Keywords: Nitrosobenzenes ; ortho-Nitrosoanilines ; 2-Nitroso-1,3-phenylenediamines ; Nucleophilic aromatic substitution ; Oxidative nucleophilic substitution of hydrogen ; Chemistry ; General Chemistry

Source: Wiley InterScience Backfile Collection 1832-2000

Topics: Chemistry and Pharmacology

Notes: -The reaction of primary amines bearing tertiary alkyl groups (e.g. R-NH2; R = tBu, 1-adamantyl) with nitrosobenzenes has been found to proceed by oxidative nucleophilic aromatic substitution of hydrogen, thereby affording N-(tert-alkyl)-ortho- and -para-nitrosoanilines.

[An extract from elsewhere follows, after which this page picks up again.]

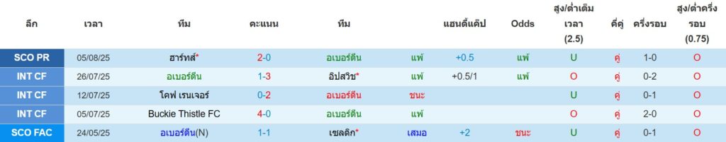 สถิติ 5 นัดล่าสุดของ อเบอร์ดีน : ชนะ 1 เสมอ 1 แพ้ 3

The replacement of hydrogen proceeds more rapidly than the replacement of ortho- or para-nitro or -bromo substituents. With p-nitronitrosobenzene, both ortho-hydrogen atoms are substituted to afford N,N′-di(tert-alkyl)-4-nitro-2-nitroso-1,3-phenylenediamines 8a,b. The addition of oxidizing agents (e.g. MnO2) increases the yield of products. 1H-, 13C-, 14N- and 15N-NMR studies have confirmed the structures of the compounds under investigation. In ortho-nitrosoanilines, the rotamer with the nitroso group syn to the amino group is favored.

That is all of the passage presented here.